For another side, when v is nearly equal to 0 (q is nearly equal to 1), by letting \(\mu \) approaches 0, the critical benefit-to-cost ratio becomes \(1+\frac{1}{m-1}\). Compared to Eq. (2), It illustrates that TFT can be favored in our stochastic model for a very small effective strategy mutation rate \(\mu \) and a very small effective link mutation rate v, which is equivalent to that TFT is evolutionary stable in the deterministic well-mixed model. The case in our dynamic network corresponds to that there is almost no mutation of strategy in the imitation process, and the newcomer almost completely imitates the link of the role model. Then the network functions as a highly connected component. It illustrates that the dominance of TFTs is associated with a more connected network. In other words, the network tends to contain a large and well-connected component on condition that TFTs prevalent. This can also be explained as follows. Refer to the work of Tarnita et al. (2009a, 2009b), in the limit of low strategy mutation rate u, the condtion \( \langle x_A \rangle >\frac{1}{2}\) is equivalent to \(\rho _{A}>\rho _{B}\) (Tarnita et al. 2009b), where \(\rho _{A},\rho _{B}\) represent the fixation probabilities of strategies A and B, respectively. We should note that \(\rho _{A}>\rho _{B}\) equivalents A is RD when compared to B, for weak selection and large population size (Nowak et al. 2004; Imhof and Nowak 2006). Back to our stochastic model, \(\mu \) approaches 0 happens at \(u\rightarrow 0\), the condition \( \langle x \rangle >\frac{1}{2}\) in Eq. (7) deduces to that TFT is RD over ALLD for weak selection and large population size. If the condition that TFT is RD in Eq. (4) holds, then the condition in Eq. (2) also holds.

Fig. 1

The critical benefit-to-cost ratio as a function of the effective connection mutation rate \(v=N(1-q)\) and the effective connection mutation rate \(\mu =2Nu\). The populatio size is fixed at \(N=10000\). In a, b, the number of the interaction rounds is fixed at \(m=100\); In c, d, \(m=10\)

Fig. 2

The critical benefit-to-cost ratio as a function of the effective connection mutation rate \(v=N(1-q)\) and the effective connection mutation rate \(\mu =2Nu\). The populatio size is fixed at \(N=10000\). In a, c, \(\mu =0.1\) and \(\mu =1\), respectively; In b, d, \(v=0.1\) and \(v=1\), respectively

3 Conclusions and discussion

More and more attention has been paid to the subject of coevolution of game strategy and network structure in recent years, which is more realistic for lots of social networks changing continuously in real world (Skyrms and Pemantle 2000; Zimmermann and Eguluz 2005; Fu et al. 2008; Santos et al. 2006a, b, c; Pacheco et al. 2006a, b, 2008; Segbroeck et al. 2009). Different from the static network configuration, the structure of the dynamic network is assumed to change with dynamic process. The goal of this study is to investigate the effect of dynamic imitation on the evolution of cooperation in networks. In game-theoretical networks, the formation and fragmentation of complex structures are correlated (Barabási and Albert 1999; Albert et al. 2000; Paperin et al. 2011). Especially, the imitation and internal conflicts between cooperators and defectors play an important role in dynamic process. The networks growing and declining with occasional fragmentation and reformation can be a direct consequence of the simple imitation and internal conflicts between ‘ALLD’ and ‘TFT’ players. We found that the critical benefit-to-cost ratio depends on the effective strategy mutation rate, the effective link mutation rate, and the repeated rounds of the game.

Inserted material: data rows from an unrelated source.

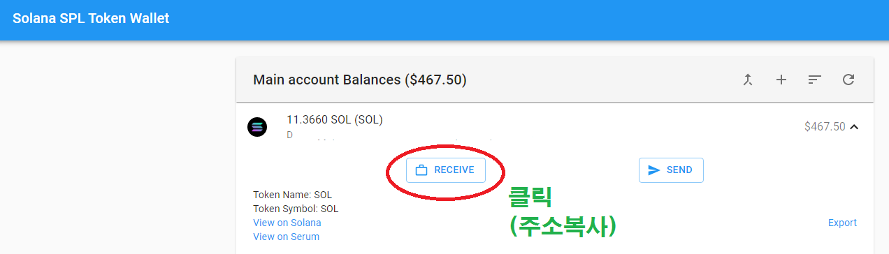 sollet 지갑에서 SOL코인 주소를 복사합니다.
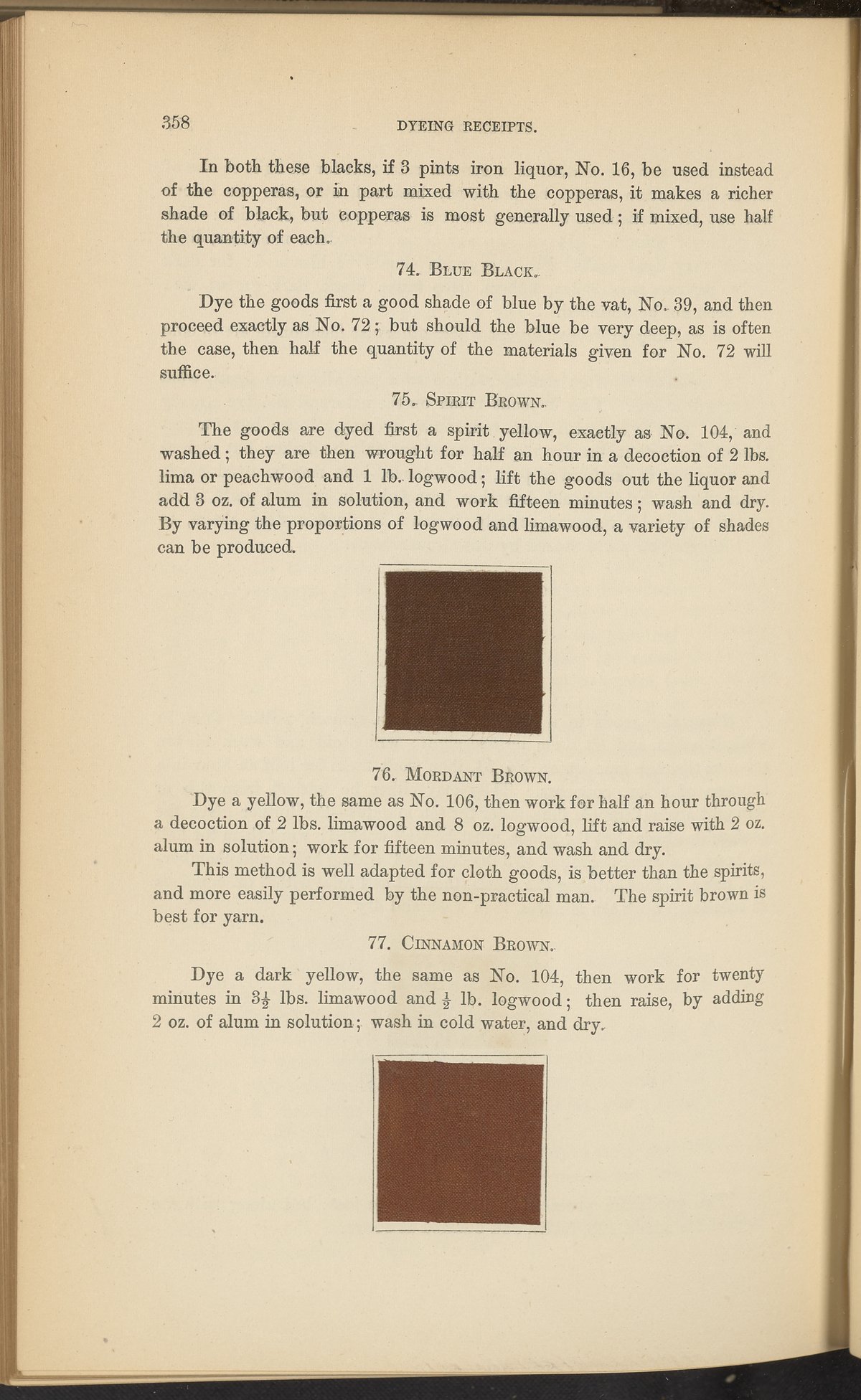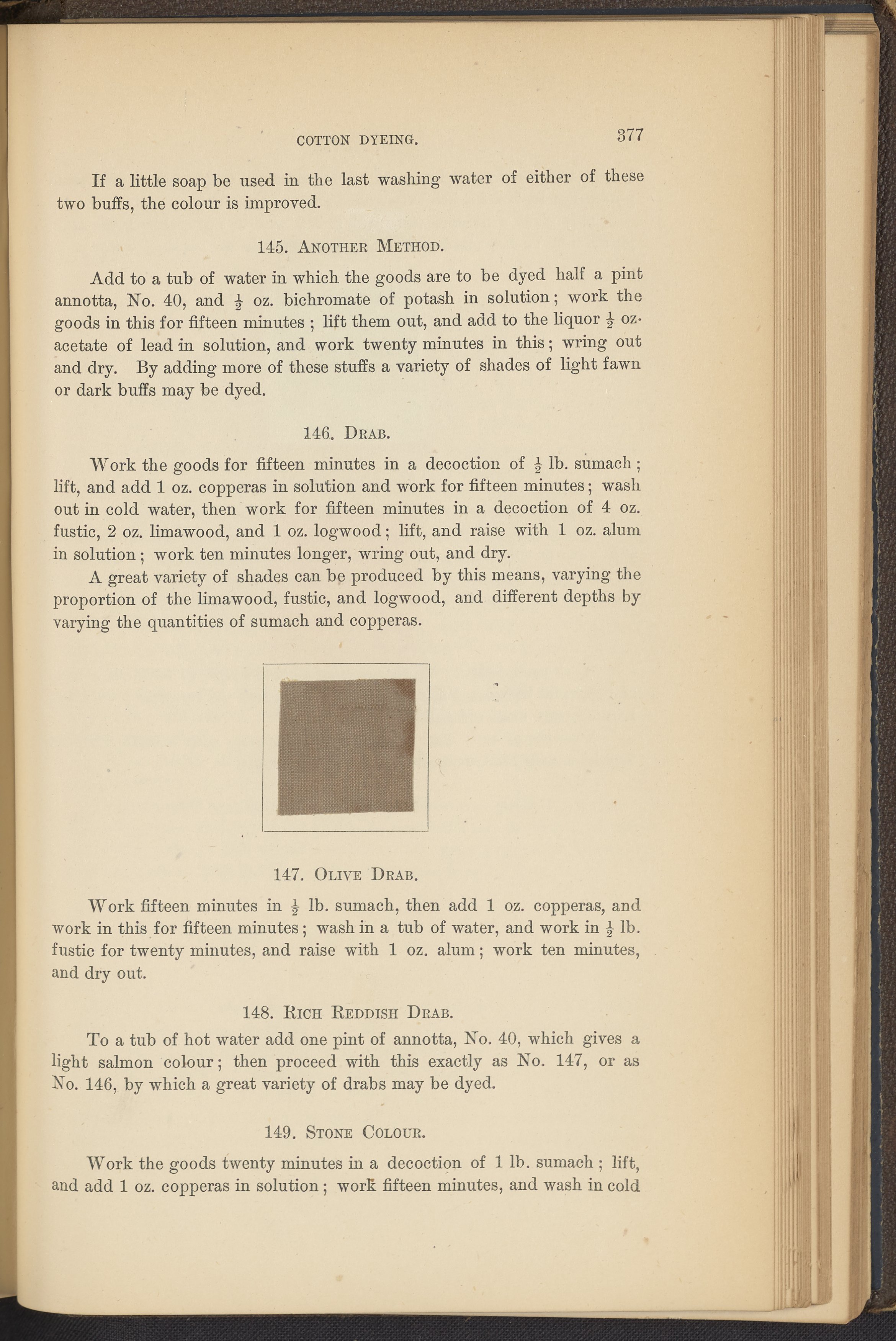 Digitization includes the work's front matter and pages 357-409 which contain pasted samples of dyed wool, silk, and cotton textiles.
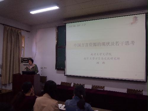 顾教授由扬州文化谈到语言艺术,提出语言是不可再生的文化资源和珍贵的非物质文化遗产。她还向同学们介绍,我国境内有130多种语言,且68种语言的使用人口在万人以下,满语、赫哲语、苏龙语等使用人数不足百人,汉语方言的生存状况日趋严峻。
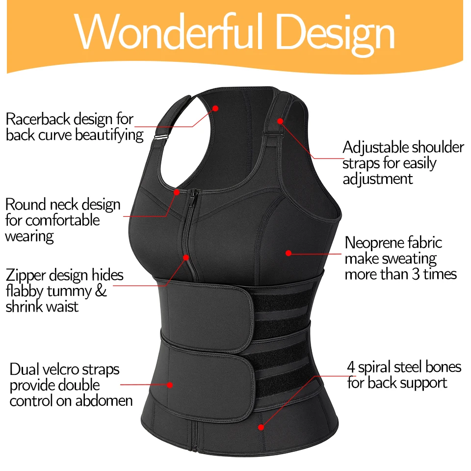 · Цвет: черный· Материал: Корпус: полиэстер 100%; Ядро: Neoprene100 %· Размер: S,M,L,XL,2XL,3XL· Кости: 4 Стальные Кости·❤Специальный дизайн❤-Наш жилет с корсетом на молнии оснащен застежкой-молнией и двумя ремнями на липучке и 2 регулируемыми лямками на плечах, чтобы вы могли поместиться в него как можно больше и придать вам пикантную естественную изгибу.·❤Собирайте и нажимайте грудь❤-Специальный дизайн передней части u-шеи, который удерживает вашу грудь, делает вашу грудь более упругой и привлекательной, эффективно контролирует подмышку и заднюю дряблость, чтобы сделать ваше тело без комочков, ударов или громоздких. Его можно носить с любым обычным или спортивным бюстгальтером, придавая Вам красивую фигуру в виде песочных часов.·❤Эффективный Пояс CINCHER❤-- Наш формирователь тела помогает послеродовому восстановлению весь процесс, уменьшает отеки, затягивает кожу, контроль животика и спины, облегчение послеродовой боли, облегчает переход матки и сокращает ее до нормального размера, вернитесь к своей оригинальной форме.·❤Легкий, удобный и быстросохнущий❤-- Изготовлено из трех слоев Неопреновая композитная ткань с 2,3 мм толщина, делает это потеря веса cincher легче и удобнее, чем раньше, легче скрыть под повседневную одежду, но позвольте двигаться с вашим телом во время выполнения любой активности в тренажерном зале, впитывает пот и позволяет всегда сушить снаружи.·❤Форма и определение вашей талии❤-Наш корсет с двойным слоем с высоким сжатием, внутренний слой с застежкой-молнией позволяет регулировать сжатие, которое вам нужно, и работает как пояс, чтобы сгладить живот мгновенно, И внешний слой с двумя ремешками на липучке скрывает выпуклости на животе, чтобы создать Гладкий живот, Улучшите свою тренировку и подрежьте талию, чтобы она выглядела стройнее.·❤Увеличение сжигания жира❤-- Неопреновый жилет работает как костюм для сауны. Неопреновый материал помогает повысить температуру тела и сохранить тепло тела, как сауна вокруг живота, что делает вас потеть в 3 раза больше, чем когда-либо прежде, и увеличивает сжигание калорий для более эффективной тренировки. Это также помогает сжигать жир в животе, талии и спине, помогая вам потерять несколько дюймов за короткий период времени, легче и быстрее достичь эффекта похудения.·❤Поддержка спины и контроль осанки❤-Этот тренажер для тела также действует как компрессионный Биндер вокруг талии, чтобы обеспечить сжатие живота и поясничную поддержку для улучшения осанки и облегчения боли в талии и защиты позвоночника.·❤Подходит для любой программы потери веса❤-- Наш женский жилет для сауны может полностью покрыть ваш нижний живот! Лучше всего подходит для zumba, yoga, тренажерного зала, фитнеса, бега, велоспорта, бокса, укрепления мышц, сжигания жира и похудения, уменьшения живота и изменения фигуры.
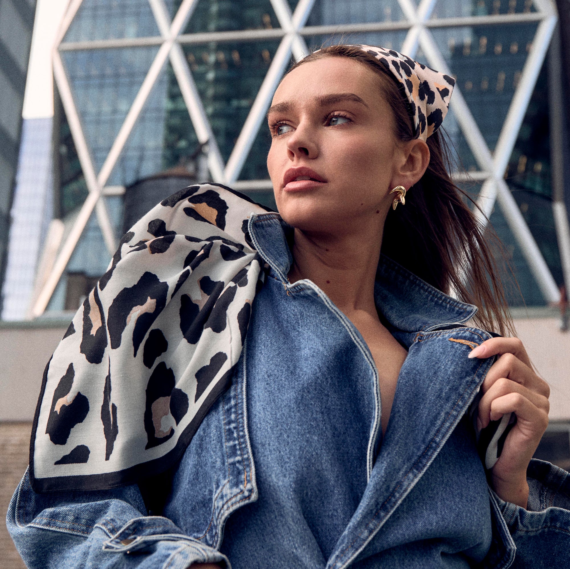 The Jackie Handkerchief Headband, inspired by Jackie O's seaside wardrobe, mimics a handkerchief tied around your head for an instantly chic look.
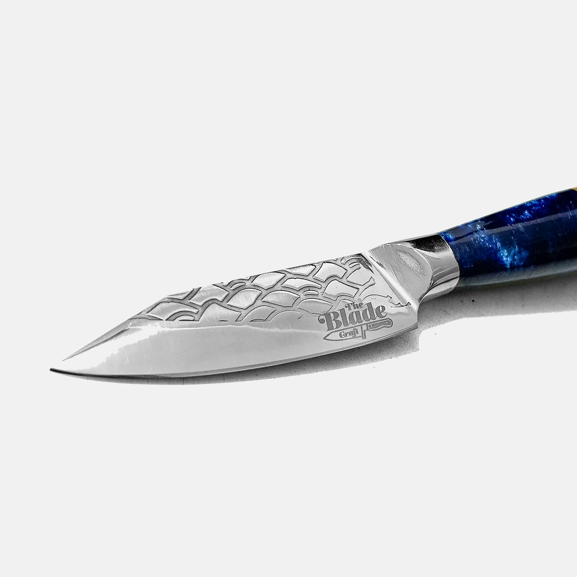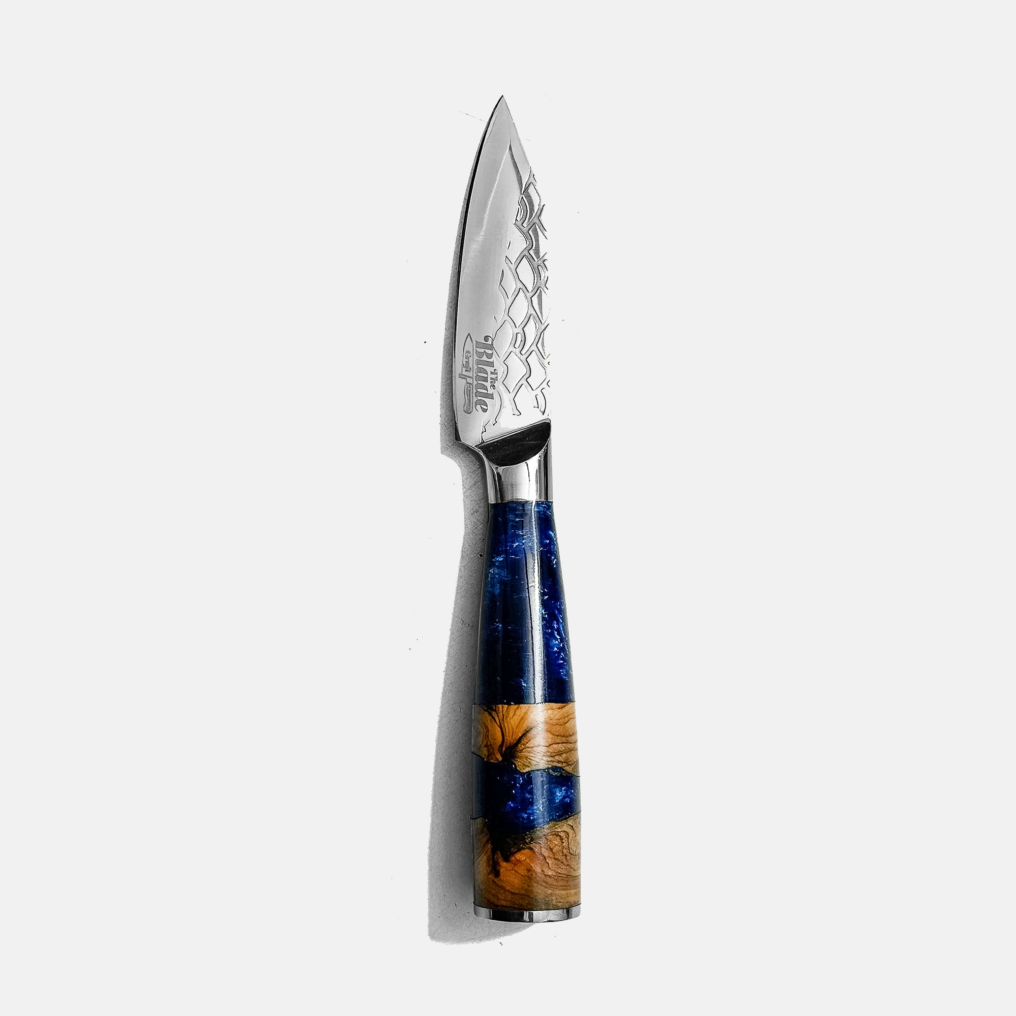 Made from vibrant blue resin and stabilised wood, the ergonomic handle is made for precise handling. The handle, which is 5 inches long and fits comfortably in the hand, offers balance and stability for delicate work.
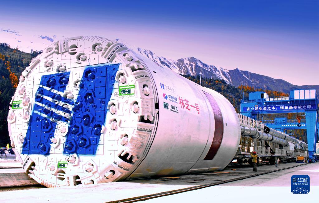 派墨公路多雄拉隧道施工采用的“林芝一號”全斷麵雙護盾硬岩掘進機(TBM)完成組裝並順利進行首次滑行(2015年10月29日攝)。新華社發(董誌雄 攝)

In this model, one offspring born in a site will not only imitate the strategy but also copy the social relationship of its parent with a certain probability, which is different from the classical BD updating (Ohtsuki et al. 2006). What makes it different is that in the latter case, a child of a randomly selected individual will take up the place of one of a neighbors of the parent. It means one offspring will absolutely imitate the strategy of its parent, and the structure of the network is always kept to be static in that classical one. Whilst in our model, after a newcomer is introduced into the network, an individual will be randomly selected to die from the whole network but not in the local configuration. With the link imitation process, the structure of the network always keep changing.

Moreover, in the active linking model of Pacheco et al. (2008), active rewiring and time scales are explicitly taken into consideration, where individuals seek new partners and break existing ties at different rate. The competition between the lifetime of reciprocator–reciprocator links and reciprocator–defector links and the rates of link formation are important to decide the evolutionary dynamics. As a result, in the limit in which link dynamics is faster than evolutionary dynamics of strategies, they obtained a game-theoretical problem equivalent to a conventional evolutionary game in a well-mixed population, with a rescaled payoff matrix. Their model allows one to assess the role of dynamic linking in the evolution of cooperation under direct reciprocity. Compared to that, our model gives a perspective to understand the role of imitation in the evolution of cooperation. Individuals will not only imitation the strategy of the role model, but also the linking relationships of it.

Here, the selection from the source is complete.